Table 1 shows the SFs without γ-ray radiation for the total tumor cell population and the MN frequencies without γ-ray radiation for the total and Q cell populations. Q cells showed significantly higher MN frequencies at 0 Gy than the total cell population under each set of conditions (P < 0.05). Thalidomide administration produced significantly lower SFs and significantly higher MN frequencies at 0 Gy in both the total and Q cell populations than did absolutely no treatment (P < 0.05). The values at 0 Gy for both methods of administering thalidomide were almost the same although slightly lower SFs and higher MN frequencies were observed for the single administration than daily fractionated administration. Furthermore, the combined treatment with nicotinamide or MTH resulted in slightly lower SFs and significantly higher MN frequencies at 0 Gy in both the total and Q cell populations. The values at 0 Gy for the combined treatment with nicotinamide or MTH were almost the same although slightly lower SFs and higher MN frequencies were observed for nicotinamide than MTH.

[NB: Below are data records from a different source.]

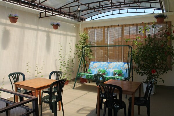 На втором этаже Гостевого дома оборудована терраса , где можно удобно расположится на диване, либо за столиками. Вечерами насладиться закатом и южным морским воздухом за бокалом вина
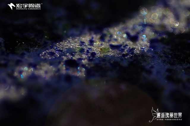 宏宇陶瓷历经数年潜心研发,将顶尖工艺融入瑰丽石之中:首先,它采用了8层星晶釉技术,犹如宝石般层层叠映,绽放瑰丽光芒;其次,包含了5种创新干粒配方,能使每片瓷砖犹如幻彩晶钻,熠熠生辉;第三,它结合了3D晶化釉面干粒复合技术,不仅提升了瓷砖的视觉冲击力,更赋予其细腻触感;第四,0.1毫米的精细雕刻工艺,则精准复刻了奢华石材的自然纹理,令人叹为观止。
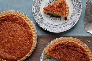5. Divide between two pie shells and bake at 400 degrees for 10 minutes, then reduce heat to 350 degrees and bake for 30−40 additional minutes.

Cell survival curves for the total tumor cell population as a function of radiation dose are shown in Figure 1. The SFs without thalidomide and with singly administered thalidomide decreased in the following order: after γ-ray irradiation alone > after γ-ray irradiation following MTH > after γ-ray irradiation following nicotinamide administration. Meanwhile, the SFs with daily fractionated thalidomide decreased in the order: after γ-ray irradiation alone > after γ-ray irradiation following nicotinamide administration > after γ-ray irradiation following MTH.

Figure 1.
Click for large image
Figure 1. Cell survival curves for the total cell population from B16-BL6 tumors irradiated with γ-rays following single or two intraperitoneal administrations of thalidomide in combination with nicotinamide treatment or mild temperature hyperthermia (MTH) on day 18 after tumor cell inoculation. Circles: γ-ray irradiation only; squares: γ-ray irradiation with nicotinamide treatment; triangles: γ-ray irradiation with MTH. Bars represent standard errors (n = 6).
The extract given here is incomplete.